Chapter 1.1, Problem 12P

Mixing Problems. Many physical systems can be cast in the form of a mixing tank problem. Consider a tank containing a solution—a mixture of solute and solvent–such as salt dissolved in water. Assume that the solution at concentration $c_i(t)$ flows into a tank at a volume flow rate $r_i(t)$ and is simultaneously pumped out at a volume flow rate $r_o(t)$. If the solution in the tank is well mixed, then the concentration of the outflow is $Q(t)/V(t)$, where $Q(t)$ is the amount of solute at time $t$ and $V(t)$ is the volume of solution in the tank. The differential equation that models the changing amount of solute in the tank is based on the principle of conservation of mass,

$\underset{\text{rate}\text{of}\text{change}\text{of}Q(t)}{\underset{︸}{\frac{dQ}{dt}}}=\underset{\text{rate}\text{in}}{\underset{︸}{c_i(t)r_i(t)}}-\underset{\text{rate}\text{out}}{\underset{︸}{\{Q(t)/V(t)\}{r}_0(t)}}$, (i)

where $V(t)$ also satisfies a mass conservation equation,

$\frac{dV}{dt}=r_i(t)-r_0(t).$ (ii)

If the tank initially contains an amount of solute $Q_0$ in a volume of solution, $V_0$, then initial conditions for Eqs. (i) and (ii) are $Q(0)=Q_0$ and $V(0)=V_0$, respectively.

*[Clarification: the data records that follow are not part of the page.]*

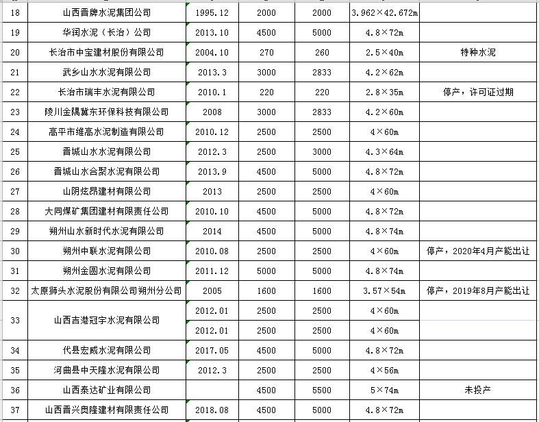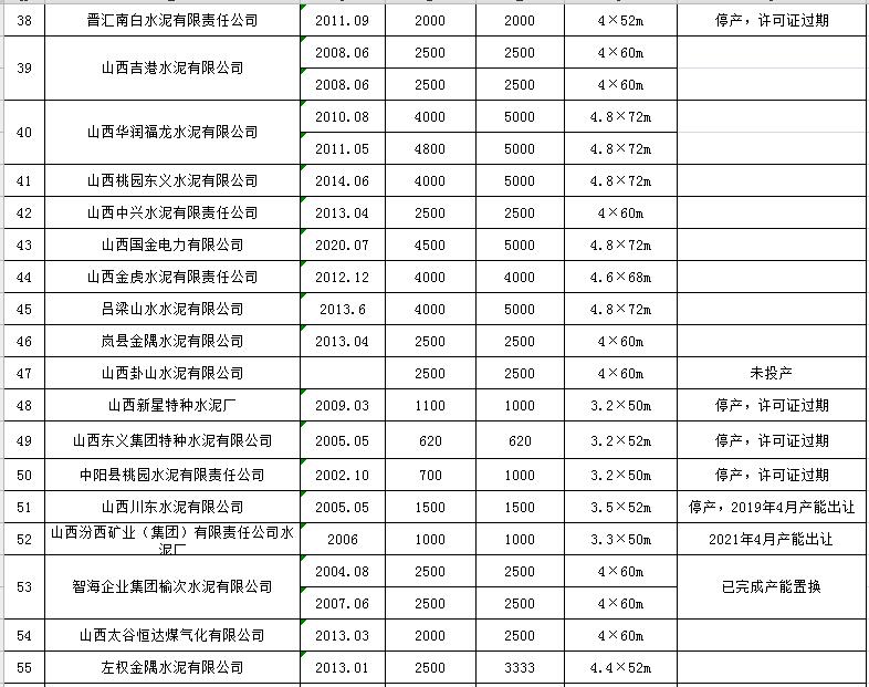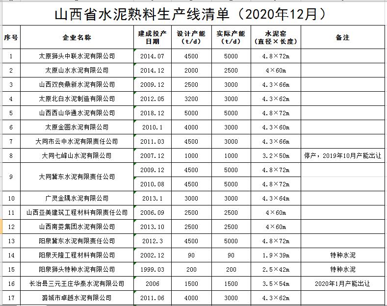 日前,山西公布山西省水泥熟料平板玻璃生產(chǎn)線清單(2020年)。詳情如下:
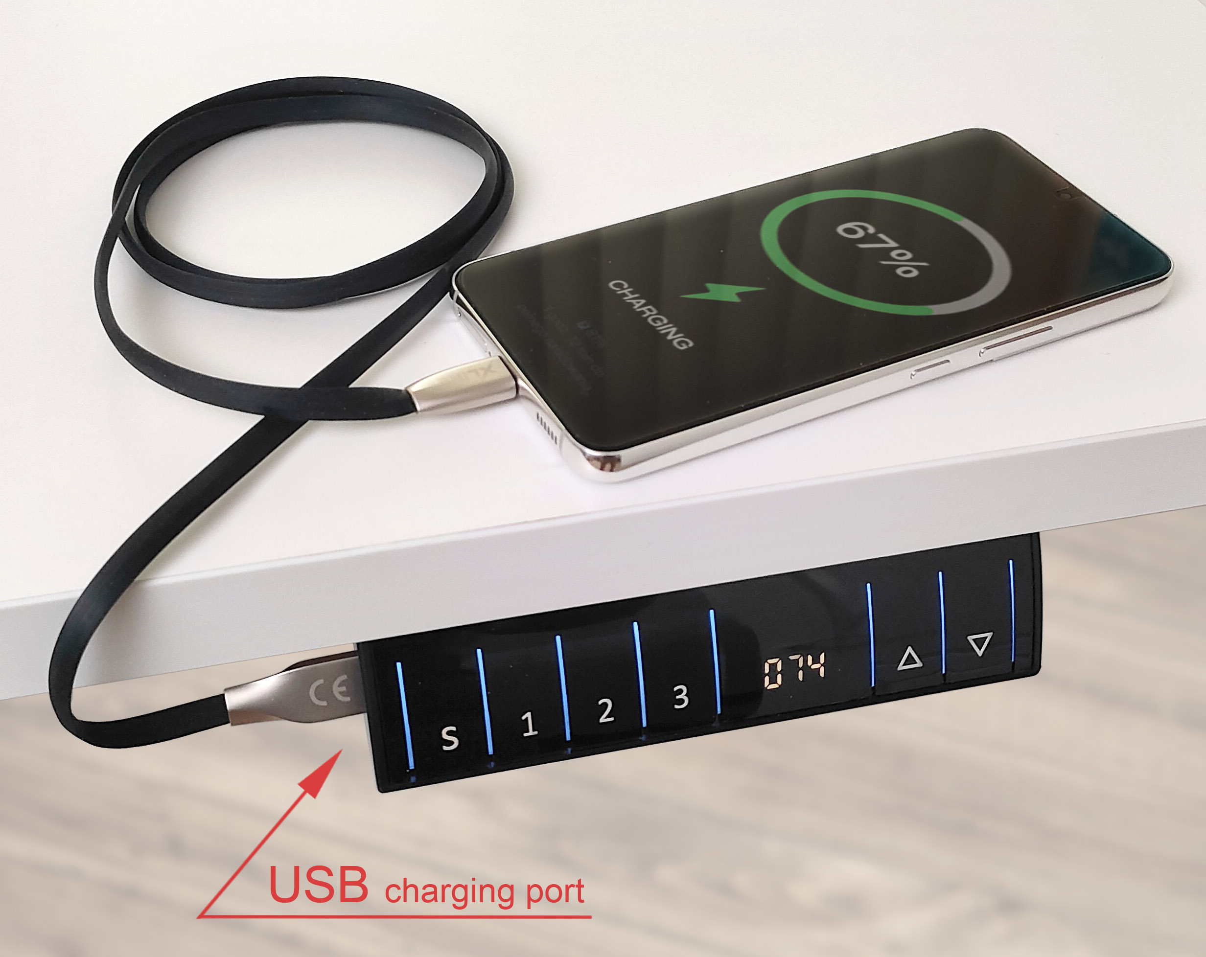 Sercem biurka jest precyzyjny, jednosilnikowy mechanizm o prędkości 28 mm/s, który pracuje niezwykle cicho (poniżej 50 dB), nie zakłócając spokoju w biurze czy domu. Inteligentny sterownik LED to coś więcej niż tylko przyciski góra/dół – to Twój asystent personalizacji. Pozwala on zapisać trzy ulubione wysokości, dzięki czemu idealne dopasowanie blatu zajmuje ułamek sekundy. Dodatkowym atutem są wbudowane porty USB oraz USB-C, które eliminują problem plątaniny kabli na blacie, umożliwiając bezpośrednie ładowanie smartfona czy tabletu.
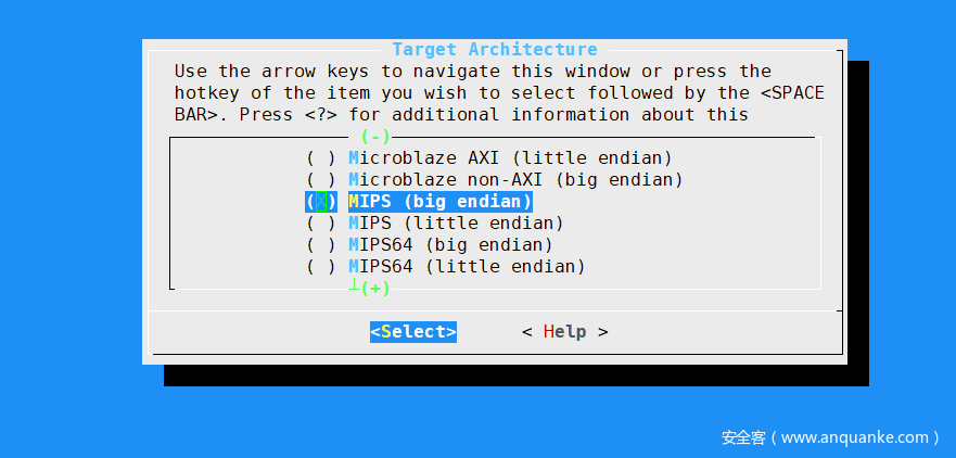 进到Target options这里面之后我们需要选他的架构和大小端序
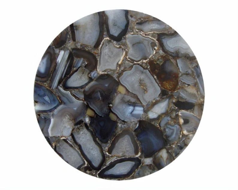 Welcome To Stone-Craft- Creations Shop Description Very unique Art by Indian Artist ,Coffee/Side Table top Used Material: Natural Agate Stones Arts Size: 15"x15" Inches Color: As photo Shape: Round Pattern: Handmade Room: Bedroom, Dining Room, Hallway, Home Office/Study, Kid’s Bedroom, Kitchen, Laundry/Utility Room, Living Room,Patio, Playroom Packaging: Wood & Foam Export Packing Shipping: Air Can Be customize ,Please Message us your desired Size 1. It can be used as a Dining Table, Guest table, coffee table, center table top in show room as well as a gift for your loved ones. 2. The table top is made in Agra India & fully handmade. 3. The top will be delivered by FedEx or DHL free of cost door to door. 4. If there is any local tax,custom duties or Vat will be paid by the buyer at the destination. 5. The parcel is dispatch with proper packing & fully insured covering all kind of risk. 6. To maintain the table top is simple soap & water & dry cotton cloth. 7. If You Are Looking Something Customize, Let Us Know We Will Make For You As Per Your Design, Size & Shape. 8.Table top does not includes any wooden, marble stand or base if you like to buy marble or wooden base or stand that will be charged extra. Marble Agate Table Tops We are Manufacturer & Exporter of marble agate table tops. These marble agate table tops have different shapes like Round Table top, Octagonal Table Tops, Rectangle / Dining table tops, Square Table tops, Chess Table tops, Taj Mahal Table tops, Custom Designs Table tops also make marble Table top Base and Stand. Then we can be used as dining tables, coffee tables, Center tables, conference tables, chess boards, reading tables, bar tables , Garden table, side and corner tables or any other use as per the indoor and outdoor decor. They can also be placed outdoors in the garden, as marble is stain free, offers great resistance to the forces of nature, and can withstand heavy temperatures. We also meet customized requirement and offer our marble table tops at industry leading prices. About Agate Stone- Agate is a rock consisting primarily of cryptocrystalline silica, chiefly chalcedony, alternating with microgranular quartz. It is characterized by its fineness of grain and variety of color. Although agates may be found in various kinds of host rock, they are classically associated with volcanic rocks and can be common in certain metamorphic rocks. Ancient use of agate stone Agate is one of the most common materials used in the art of hardstone carving, and has been recovered at a number of ancient sites, indicating its widespread use in the ancient world; for example, archaeological recovery at the Knossos site on Crete illustrates its role in Bronze Age Minoan culture Types Of Agate 1. Fortification Agate This is the most common and distinctive type of agate. In these agates, bands crystallized into concentric layers that more or less follow the shape of the cavity. The banding resembles an aerial view of a fort 2. Water-Line Agate (also called water-level or onyx) During its formation, silica-rich solution either entered the cavity slowly laying one band at a time, excess water drained out leaving a small amount of silica to settle out into separate bands, or the vesicle filled under low pressure. In any case, the silica crystallization in water-level agates is controlled by gravity in one orientation, forming a stack up of parallel bands. 3. Shadow Agate Some agates exhibit a shadow effect in which there is what appears to be movement across the agate layers when the specimen is rocked back and forth (or your orientation to the specimen moves). This optical effect only occurs when there are alternating translucent and opaque bands. It is caused when light goes into the agate, but is not reflected out. 4. Tube Agate Tube Agate During the formation of some agates, parallel projections of tiny hair-thin mineral rods grow first within the silica gel, around which later the chalcedony agate micro-crystals form. In some cases the inclusions remain, but sometimes they weather away leaving hollow tubes that subsequently fill in with silica. 5. Eye Agates This mysterious agate characteristic is believed to be formed when most of the silica gel drains from the cavity, leaving only a droplet that “beads up” on the inside wall of the cavity. This droplet crystallizes into solid chalcedony “eyes”. In some cases, crystal growth will continue from this droplet in a manner similar to the formation of stalactites in caves. Later, the pocket fills in with the usual deposition of chalcedony microcrystals. 6. Plume Agate These agates initially had formations on their outside layer that formed prior to the deposition of chalcedony bands. They are filament growths of mineral inclusions that resemble ferns or feathers. 7. Geode Agate Geode Agate In some cases the supply of silica-rich water runs out before the entire cavity fills in. When there is a hollow center within a crystalline outer fill, the specimen is considered a geode. Not all geodes have agate banding, but many do. Also, the inner layers can form into several different types of silica mineral crystals and may even have other types of mineral crystals. 8. Moss Agate Moss Agate Moss agates have clusters of mineral inclusions that resemble plants, trees, or landscapes. Most moss agate inclusions are comprised of iron or manganese oxide. In some cases, the inclusions inhibit chalcedony banding allowing the mineral clusters free reign to grow within the silica gel. 9. Seam Agate Seam agates for in cracks within host rock, rather than in rounder pockets. The bands form in parallel rows that follow and fill in the crack or seam.
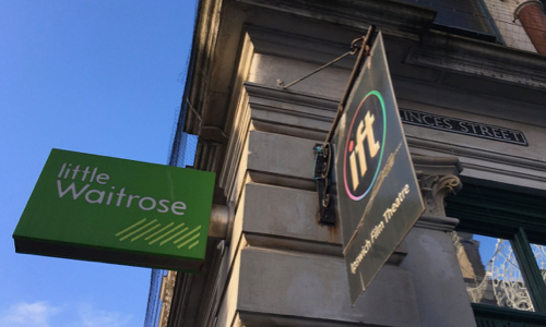 There's a tip-top selection of sweet treats including puffy mince pies, Christmas gingerbread, lemon drizzle loaf, funfetti (!) cookies, carrot cake, and Victoria sponge. Top-left, though, is shouting out to me: it's the Old School Cake, a slab o' sponge with white icing covered with 100s & 1000s. Yes, please! With no chai latte available, Andy joins me in a flat white but of the decaf variety, unlike mine. Window lettering reads "Good Coffee / Great People / Big Hearts". Amen to that.
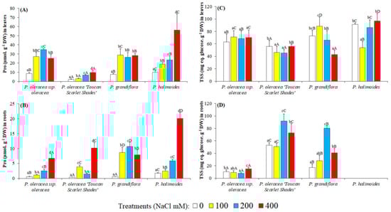 Osmolytes quantified in the four Portulaca genotypes subjected to salt stress treatments. Proline (Pro) and total soluble sugars (TSS) accumulation in the leaves (A,C, respectively) and roots (B,D, respectively). The values shown are means ± SE (n = 5). Different lowercase letters above the bars indicate significant differences between the control plants, and different capital letters indicate significant differences between different genotypes.
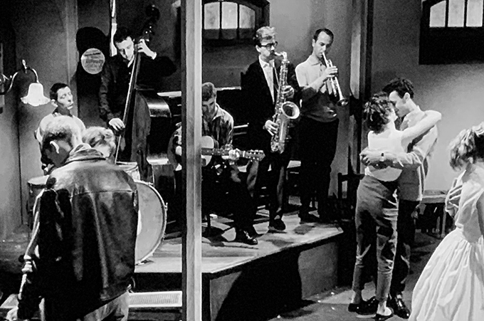 Once the newlyweds are safely tucked up, Jennifer gets out of bed (wearing a baby-doll nightie of course) and nips out to the Off-Beat Café to meet her beat pals.
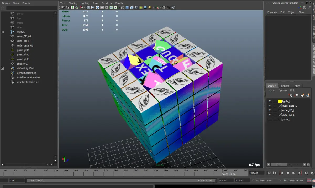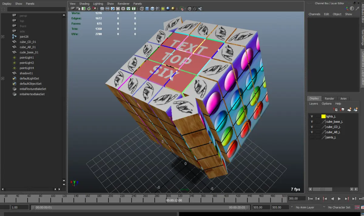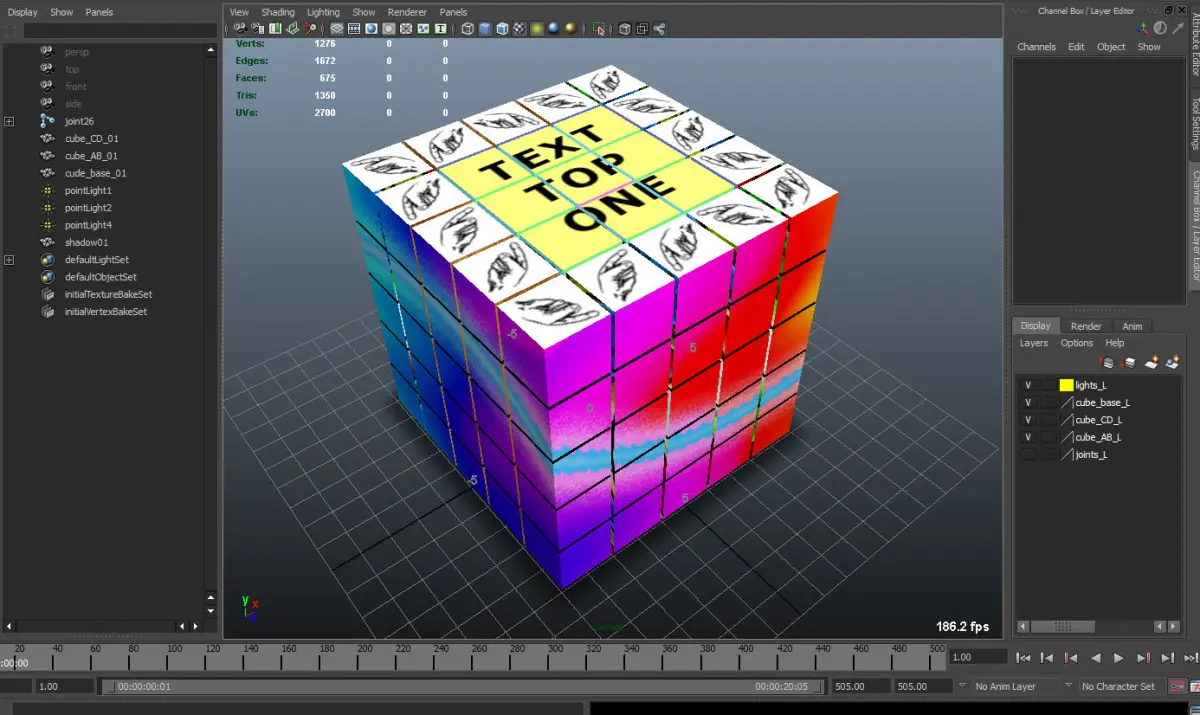 The cube has three objects, rigged but without controls.

A pond initially contains $1,000,000$ gal of water and an unknown amount of an undesirable chemical. Water containing $0.01$ g of this chemical per gallon flows into the pond at a rate of $300$ gal/h. The mixture flows out at the same rate, so the amount of water in the pond remains constant. Assume that the chemical is uniformly distributed throughout the pond.

Write a differential equation for the amount of chemical in the pond at any time.

How much of the chemical will be in the pond after avery long time? Does this limiting amount depend on theamount that was present initially?